Steps 4 and 5 should add the ‘return to center’ behaviour to the model with the help of left and right cameras. In this phase I had to adjust two things. First, the steering angle adjustment of the camera image, and secondly the amount of batches/epochs to add to original model.

It was quite easy to add the recovery feature by adding big enough shift to the angle (to the opposite direction). However this easily made the car squirm around on the straight road. Remedy to this was to proportionally adjust the angle depending on the original steering angle. The bigger the angle the larger the adjustment. And other way round, on the straight section, there should be very little adjustment.

camera_corr = abs(angle) * np.random.uniform(2.0,4.0)
# left camera: pos==0, right camera: pos==2
 angle = angle +  (pos * -camera_corr + camera_corr)

The other question was, how to train for the recovery. Surprisingly only one epoch and 1/4 of the training data was needed.

  • this is 1/8 of left camera and 1/8 of right camera images. It is randomly selected in the generator which on of the side cameras to use.

6. Validating and Testing

Initially, I used validation data set for tracking how well augmented data matched to original data set, and to find out which is the best training epoch. When image size was 90x270, randomly shifted crops were selected to validation data set.

After moving to 90x320 images, no shifted images were used. Also, at this point was quite clear, that only one epoch of all images is enough to produce the basic weight set, so no validation was needed.

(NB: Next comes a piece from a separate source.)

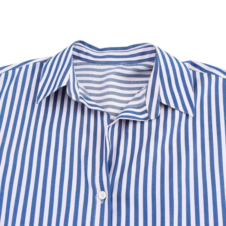 Denne damsk randig lös skjorta med krage och lång ärm är den perfekta kombinationen av stil, komfort och lätthet. Tillverkad av kvalitativ och andningsbar polyester, ger den en behaglig känsla vid användning hela dagen. Dess lösa passform ger ett modernt utseende och säkerställer rörelsefrihet, medan klassisk knäppning med knappar och elegant krage framhäver en formell men ändå avslappnad stil. Det randiga mönstret ger en tidlös och elegant känsla, vilket gör att skjortan passar utmärkt för kontoret, möten och vardagsbruk. Den finns i flera färgvarianter som kompletterar varje outfit.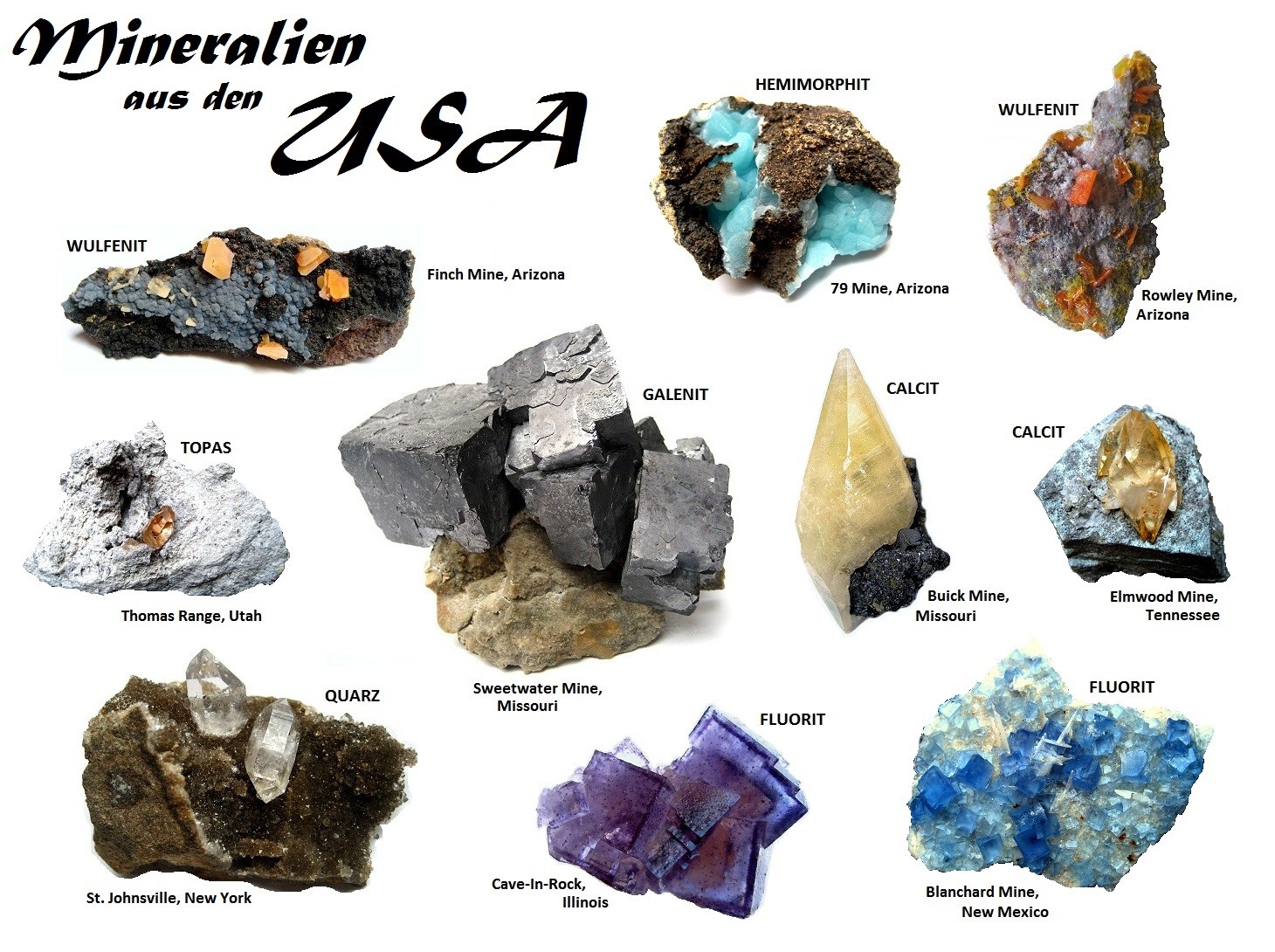 Wie schon gesagt, natürlich könnte man da noch Größenangaben einfügen; aber ich habe ohne angefangen und werde auch die anderen Collagen so fortführen. Wer wissen will, wie groß die Stufen jeweils sind, dem empfehle ich http://www.mindat.org/user-5297.html#2, dort kann man mit Suchbegriffen jede Stufe schnell finden :)

The model was validated on the training track. And also tested on the testing track. Because the car could drive autonomously both tracks, the model was assumed good enough.

7. Code and Files

  • nvidia_keras.ipynb: Jupiter Notebook that contain all kind of experiments, but also the code that was used to produce the model.
  • model.py: the code that produced the model. NOTE: This code has not been run ever from this file! The content is extract from nvidia_keras.ipynb only to clarify which part of the notebook code contributes to the model.
  • drive.py: Data producer for the simulator, originally from Udacity. I added some image preprocessing and naive dynamic throttling, which tries to keep steady 20 mph speed (without too much luck - more serious effort is needed here)
  • model.json: loadable Keras model
  • model.h5: weights for the model

8. Improvements

  • Although being much better than early versions, the car still don't track very well on straight sections.
  • Throttling good be better controlled
  • Data augmenting could be useful for more generalized use cases (more different tracks)
  • If programmatic validation is needed, the augmentation is easily added to the generator.

9. Conclusion

The project required a lot of work, and moments of despair could not have been avoided. On the other hand, it also taught many things. I have enjoyed the numerous blog posts of the fellow students and all slack conversations. It is wonderful how the same goal can be achieved in so many ways. The importance of good quality data, and reuse of existing neural network architectures are two big things to take home.